3.これまでの関係

兎の獣皮を持っていける限りカバンに詰め道具屋へ持ち込んだところで、夕飯のアジフライ定食(この世界でも味噌汁とライスがついて八〇〇円程度)一人前にありつけるだけの金になるかも怪しい。

そう考えた二人は依頼(クエスト)を受注するための酒場でこれらの引き取り手を探しに来たのだが。


「とんだケチだな。一人一回きりの納品制限付きとは……」


「まぁ良かったじゃないですか。普通に売るよりは多少マシになりましたし……」


二人分を合わせて六〇〇円。

それから道具屋に売ってようやくアジフライ定食一人前。

がっくりと肩を落とすキリシマに掛けるバーレッドの言葉はぎこちない。


「しかし、これでは我々の魔城(ハウス)奪還までいくら掛かるのか予測もできんぞ。なあ、バーレッド」


そうして得た資金を握りしめ定食屋には行かない二人は木製の丸テーブルを囲む。

店内で二番目に安い酒を二杯と一人前のフィッシュアンドチップスを頼みながらキリシマがぼやき、


「そう、ですね……」


バーレッドは宥めるでもなく相槌をうった。


彼がキリシマに敬語を使っているのに対しキリシマは少し偉そうな態度でいるこのコンビ。

彼らに明確な階級があるわけではない。

立場で話し方を変えているというよりも、そういった性格という設定(ロール)の名残が働いている。


魔術師のキリシマは二人が所属する組織(ギルド)、翼蛇の杖の創設者でありギルドマスターの地位にあった。

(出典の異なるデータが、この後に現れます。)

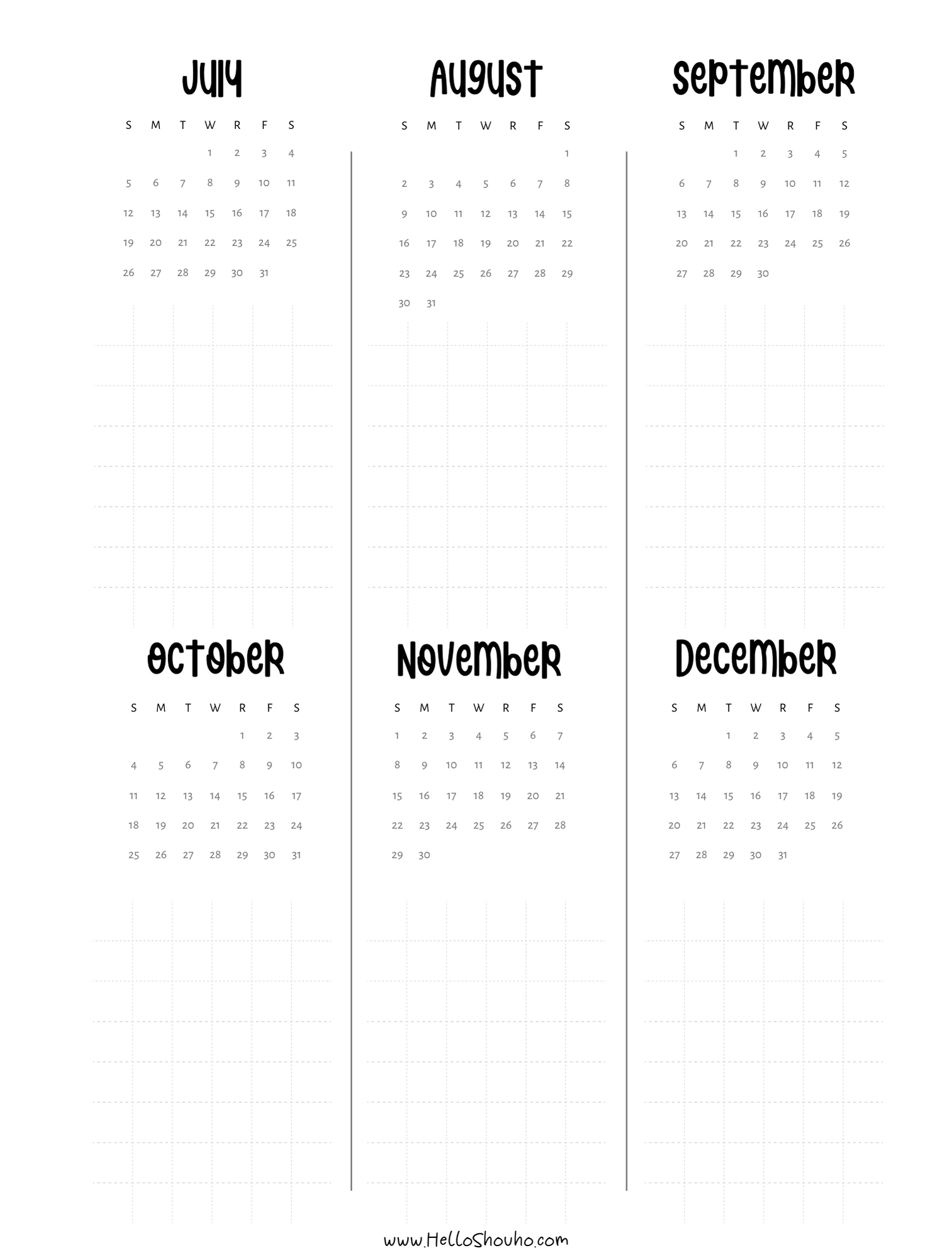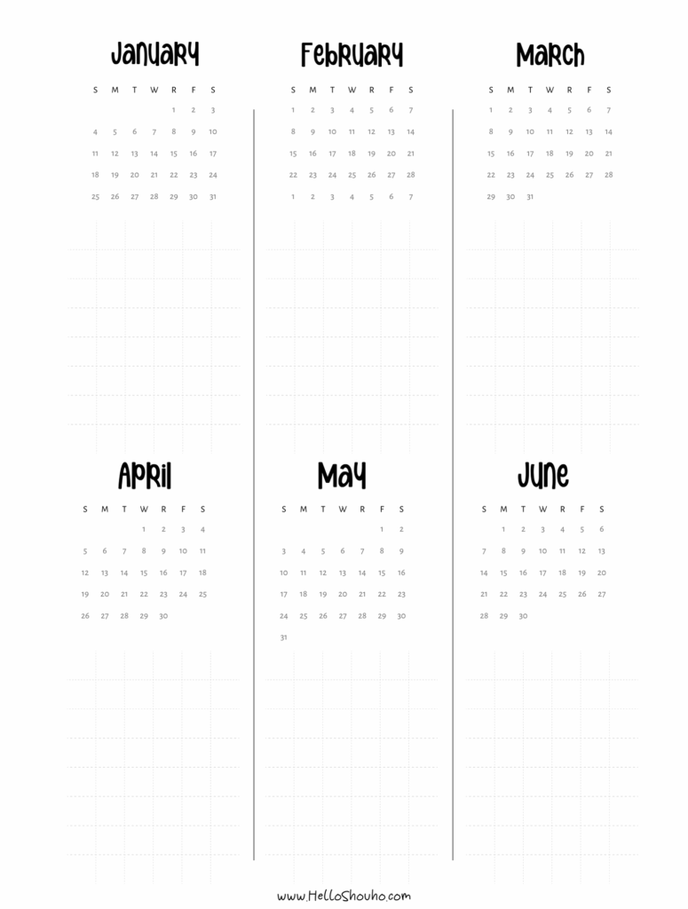 This year I’ve decided to post straight up versions of the dated calendars for people to use as they please. I am sharing them in both vertical and horizontal, as well as some easy to use at a glance pages. I also included my short future planning pages – these are great for planning events and holidays – but they have 6 months on a page so it takes up a bit less space depending on how busy you are.

一方バーレッドのほうはというと、間に何人か介しての後入り。

ゲーム自体は長年遊んでいるし、ギルド内でも古参ではあるが、特別な役職は持たない。


キリシマが勝手に彼を「参謀」と呼び二つ名を与えているだけあって組織内では一番共にログインしている時間が多かった。

ただ、その力関係もゲームの中の登場人物(プレイヤー)だった頃の話で、今の二人にはキャラクターの設定に忠実でいる必要などなかった。

それでもロールプレイを続けたがる頑固なキリシマにバーレッドも合わせて話しているだけだ。


そう。

二人は偶然、つい二日前まで同じオンラインゲームで遊んでいたプレイヤー同士だった。

VRMMO・ロストスペルオンライン……通称、LSO。


剣と魔法でドラゴンや悪魔と戦う、およそありふれた架空のファンタジー世界が舞台の海外製ゲームで、数年前に日本語パッチが配信されてからは日本でも十万人近いプレイヤーが遊んでいる大手のMMOだ。